The Old Social Democratic Party of Germany (German: Alte Sozialdemokratische Partei Deutschlands), known as the Old Social Democratic Party of Saxony (German: Alte Sozialdemokratische Partei Sachsens) until 1927, was a political party in Germany. The party was a splinter group of the Social Democratic Party of Germany (SPD) in Saxony, and had nationalistic tendencies. Whilst the party failed to become a mass party, it played a significant role in regional politics in Saxony during the latter half of the 1920s. A leader of the party, Max Heldt, served as Minister-President of Saxony 1926-1929.Wilhelm Buck was the chairman of the party.
Between 1924 and 1926 Saxony had been ruled by a coalition of SPD and two liberal parties. The coalition government became unpopular amongst the SPD ranks, and the grassroots of the party revolted against the government participation. The leftist sector of the Saxony SPD preferred a 'Red' coalition of the SPD and the Communist Party of Germany. The SPD conference in Saxony in 1924 had called for the cooperation with the regional government to be terminated, but a significant number of deputies in the Landtag disobeyed the decision. From November 1924, expulsions of the dissident deputies started. In response, the expelled Landtag regional deputies formed a party of their own, the 'Old Social Democratic Party'. The Old Social Democratic Party issued a press release in April 1926, stating the programmatic goals of the party. The party was formally constituted on June 6, 1926. The dispute between the leftwing of SPD and the rightist parliamentarian wing (which formed the 'Old Social Democratic Party') in Saxony was labelled the Sachsenkonflikt.

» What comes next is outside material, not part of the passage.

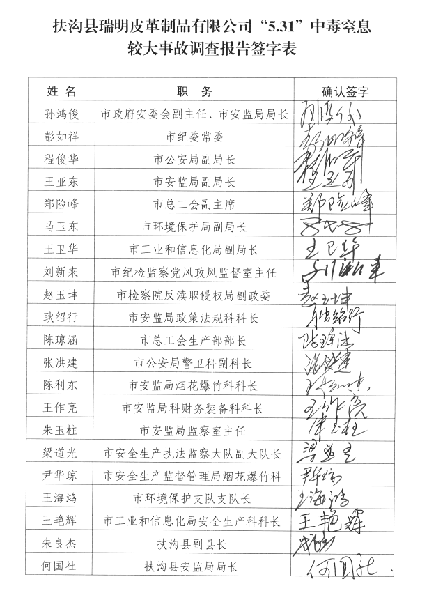 经调查认定,扶沟县瑞明皮革制品有限公司“5.31”中毒窒息较大事故是一起生产安全责任事故。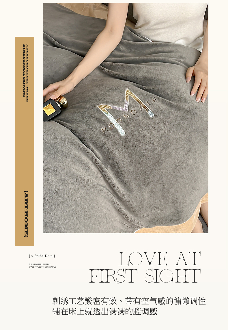 (总)遇见家居生活馆 2025新款A类牛奶绒雕花四件套-羽飞舞,卡诺粉+香槟,奶芋色+经典灰,奶芋色+杏仁,香草灰+经典灰,婴儿蓝+星辰灰

In the summer of 1926 all members of the Old Social Democratic Party were purged from the SPD mass organizations, such as the Socialist Workers Youth.
The party started a newspaper of their own, Der Volkstaat.
The 'Old Social Democratic Party' expressed a shift in ideological discourse, downplaying class struggle for bourgeois ideas of citizenship. Soon after the foundation of the party, it began redefining itself, from viewing itself as the moderate wing of the German Social Democracy to a 'proletarian nationalist' ideological position (in contrast to the 'internationalist' and 'anti-state' SPD). The Volkstaat editor Ernst Niekisch (later a prominent National Bolshevik), whose influence within the party grew, was the architect of this process.